━━ Data shown ━━

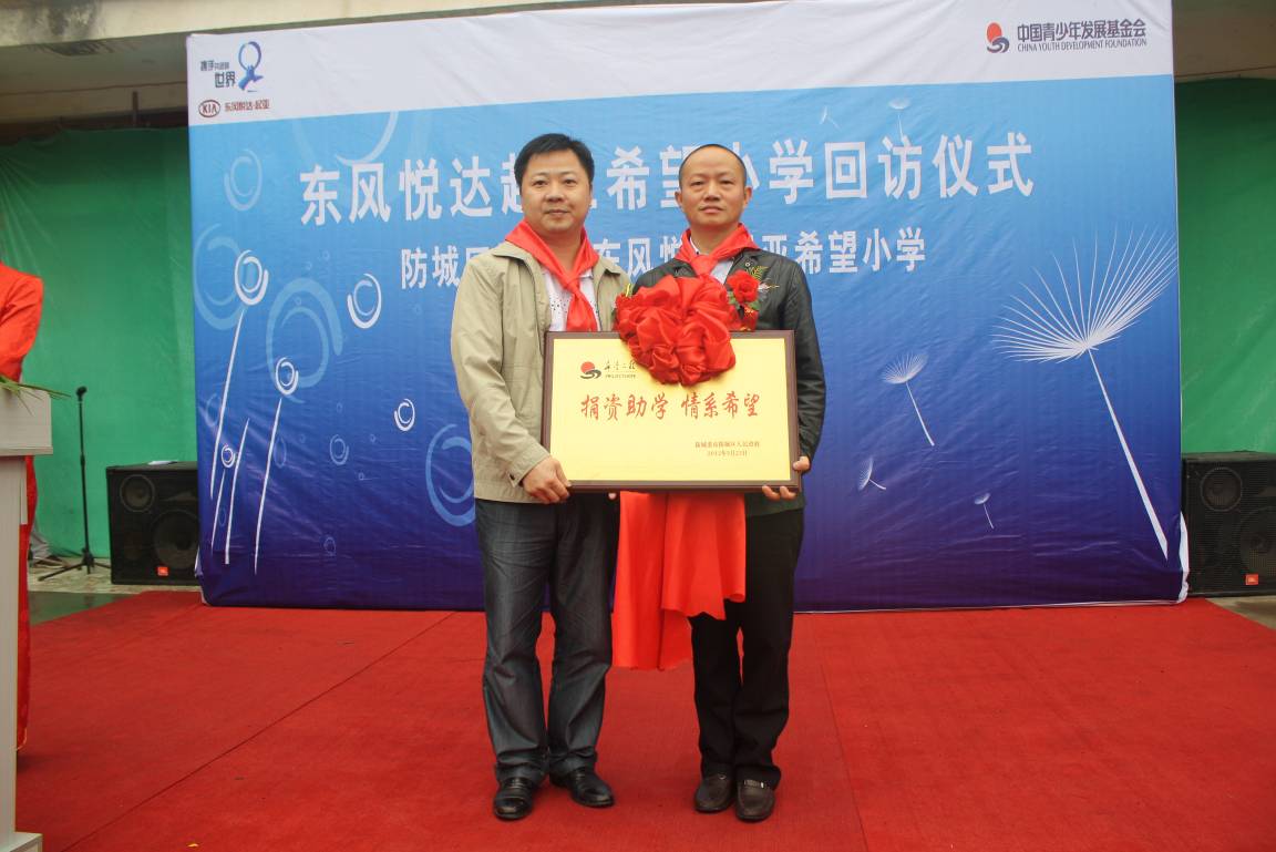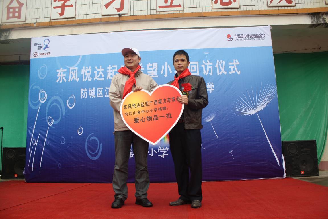 3月23日,由東風(fēng)悅達(dá)起亞汽車有限公司捐資援建的廣西省防城港市江山鄉(xiāng)中心小學(xué)東風(fēng)悅達(dá)起亞希望小學(xué)舉行了隆重的回訪儀式。防城港市領(lǐng)導(dǎo)、防城港市教育局領(lǐng)導(dǎo)、中國青少年發(fā)展基金會領(lǐng)導(dǎo)、東風(fēng)悅達(dá)起亞公關(guān)部部長 吉同順、東風(fēng)悅達(dá)起亞汽車有限公司廣州商務(wù)代表處首席代表童兵、東風(fēng)悅達(dá)起亞汽車有限公司廣州商務(wù)代表處銷售督導(dǎo) 白曉強(qiáng)、東風(fēng)悅達(dá)起亞南寧榮力4S店總經(jīng)理李銘、廣西榮力車友會的車友們以及江山鄉(xiāng)東風(fēng)悅達(dá)起亞希望小學(xué)全體師生和各大媒體共同參加了本次儀式。
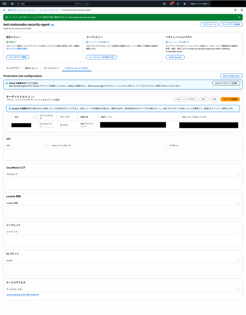 そのため、現時点ではこのドメインについてはセキュリティリスクは低い状態ですが、いずれセキュリティ対応は必要になってくるかと思いますので、AWS Security Agentを用いて定期的にセキュリティ脆弱性について確認する方が良いと思いました。
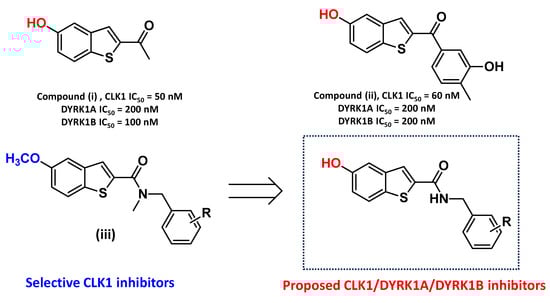 Based on the inhibitory profile of the previously reported 5-hydroxybenzothiophene ketones (compounds i and ii, Figure 1), we surmised that the exchange of the 5-methoxy in our previously presented 5-methoxybenzothiophene-2-carboxamides selective Clk1 inhibitors (iii) with a free hydroxyl possibly expands the inhibitory profile toward the related kinases, Dyrk1A and Dyrk1B, which should provide multi-targeted anticancer kinase inhibitors [].

━━━

**What the task requires**: A faithful, word-for-word copy of the data is needed; the pictures should not appear in it.

**Problem solution**:
 3月23日,由東風(fēng)悅達(dá)起亞汽車有限公司捐資援建的廣西省防城港市江山鄉(xiāng)中心小學(xué)東風(fēng)悅達(dá)起亞希望小學(xué)舉行了隆重的回訪儀式。防城港市領(lǐng)導(dǎo)、防城港市教育局領(lǐng)導(dǎo)、中國青少年發(fā)展基金會領(lǐng)導(dǎo)、東風(fēng)悅達(dá)起亞公關(guān)部部長 吉同順、東風(fēng)悅達(dá)起亞汽車有限公司廣州商務(wù)代表處首席代表童兵、東風(fēng)悅達(dá)起亞汽車有限公司廣州商務(wù)代表處銷售督導(dǎo) 白曉強(qiáng)、東風(fēng)悅達(dá)起亞南寧榮力4S店總經(jīng)理李銘、廣西榮力車友會的車友們以及江山鄉(xiāng)東風(fēng)悅達(dá)起亞希望小學(xué)全體師生和各大媒體共同參加了本次儀式。
 そのため、現時点ではこのドメインについてはセキュリティリスクは低い状態ですが、いずれセキュリティ対応は必要になってくるかと思いますので、AWS Security Agentを用いて定期的にセキュリティ脆弱性について確認する方が良いと思いました。
 Based on the inhibitory profile of the previously reported 5-hydroxybenzothiophene ketones (compounds i and ii, Figure 1), we surmised that the exchange of the 5-methoxy in our previously presented 5-methoxybenzothiophene-2-carboxamides selective Clk1 inhibitors (iii) with a free hydroxyl possibly expands the inhibitory profile toward the related kinases, Dyrk1A and Dyrk1B, which should provide multi-targeted anticancer kinase inhibitors [].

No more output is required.